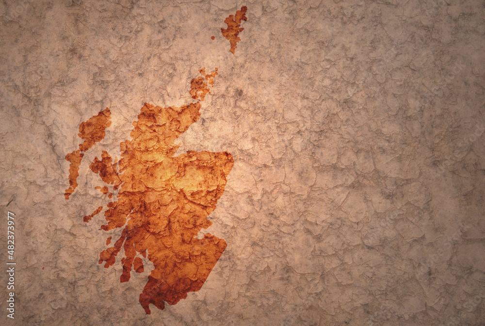 map of scotland on a old vintage crack paper background
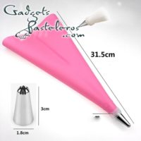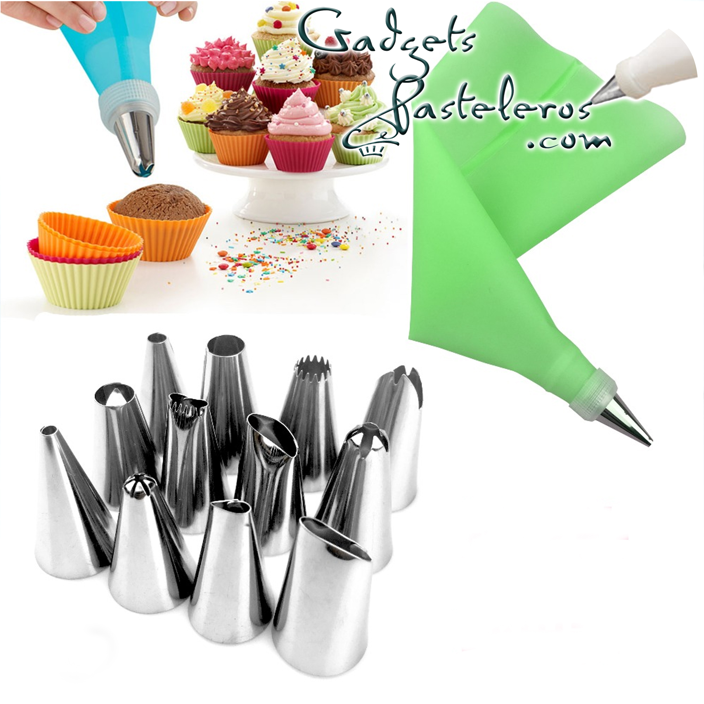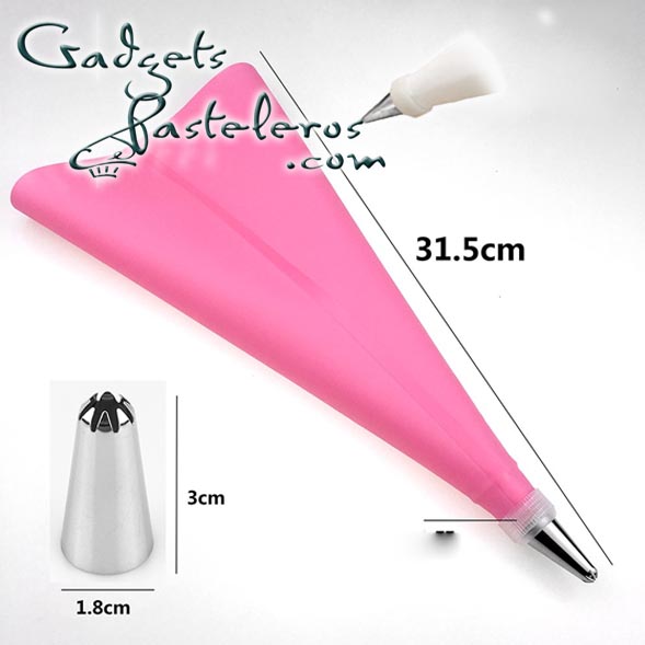 El set incluye 12 boquillas pequeñas, 1 acople pequeño y 1 manga pastelera en silicona pequeña
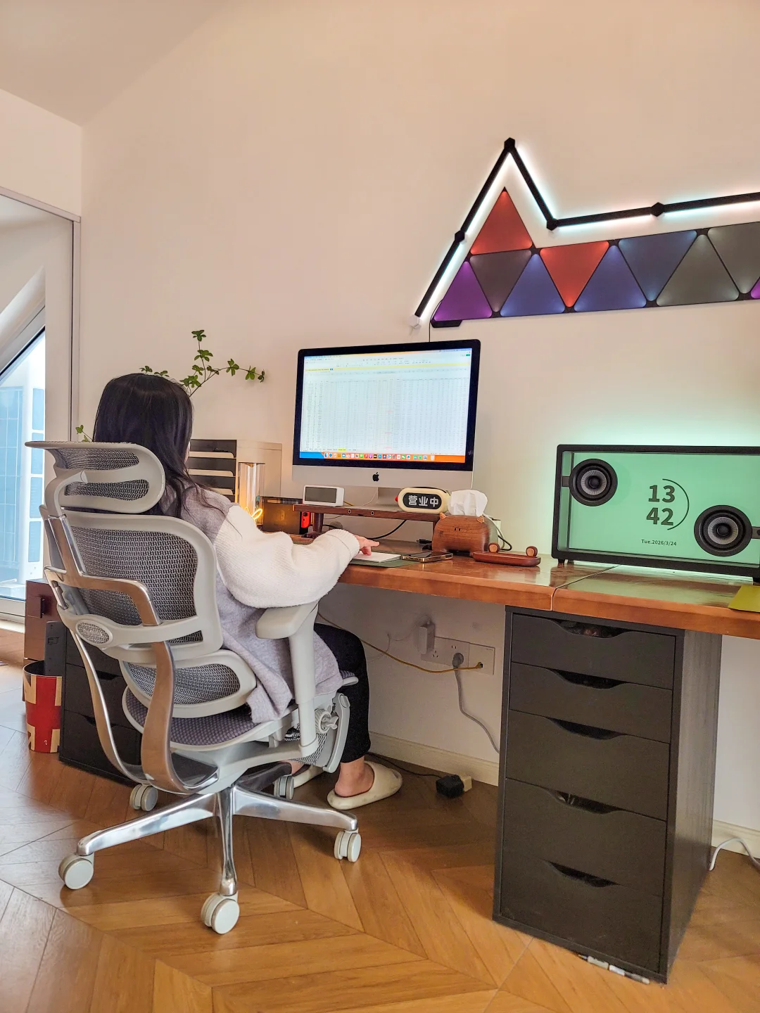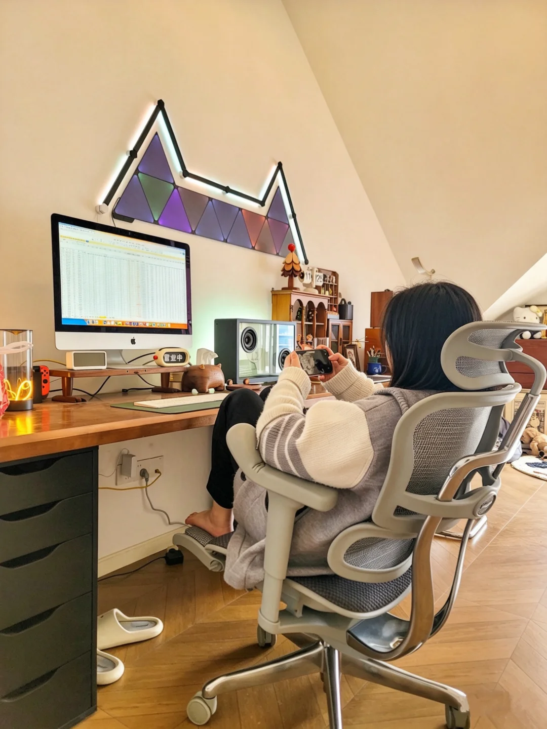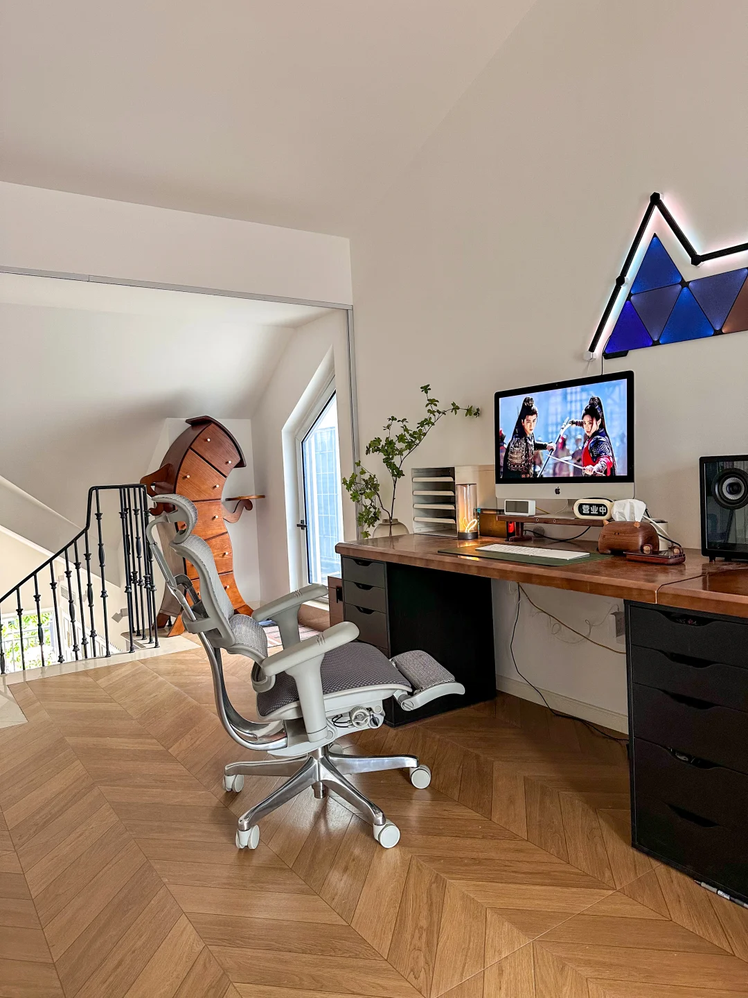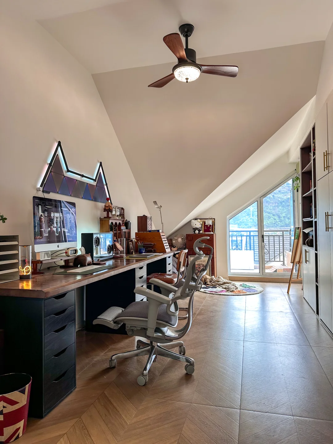把阁楼改造成电竞书房,是我做过最对的决定。 延续复古格调,地板通铺了木纹砖地板,3.6米超长实木书桌,婚后还能和队友做同桌,胡桃木肌理在暖光下泛着温润的光。 外面有10平米的小阳台,落地窗把绿意和山景都框进来,累了就出去看看风景,风里都是自由的味道。 桌面摆满了我的小欢喜:复古音箱、盲盒摆件、没看完的书,还有随时能切换的工作/游戏界面的电竞椅,包裹感能支撑我从清晨敲字到深夜开黑。 这里没有冰冷的办公感,只有温柔的烟火和热爱的温度,是我能待一整天的精神自留地。

Activity
Copy nothing but the lines from the one containing "El set incluye" through the last line of the listing above, transcribed exactly and with no pictures.

Reply to the exercise
 El set incluye 12 boquillas pequeñas, 1 acople pequeño y 1 manga pastelera en silicona pequeña
把阁楼改造成电竞书房,是我做过最对的决定。 延续复古格调,地板通铺了木纹砖地板,3.6米超长实木书桌,婚后还能和队友做同桌,胡桃木肌理在暖光下泛着温润的光。 外面有10平米的小阳台,落地窗把绿意和山景都框进来,累了就出去看看风景,风里都是自由的味道。 桌面摆满了我的小欢喜:复古音箱、盲盒摆件、没看完的书,还有随时能切换的工作/游戏界面的电竞椅,包裹感能支撑我从清晨敲字到深夜开黑。 这里没有冰冷的办公感,只有温柔的烟火和热爱的温度,是我能待一整天的精神自留地。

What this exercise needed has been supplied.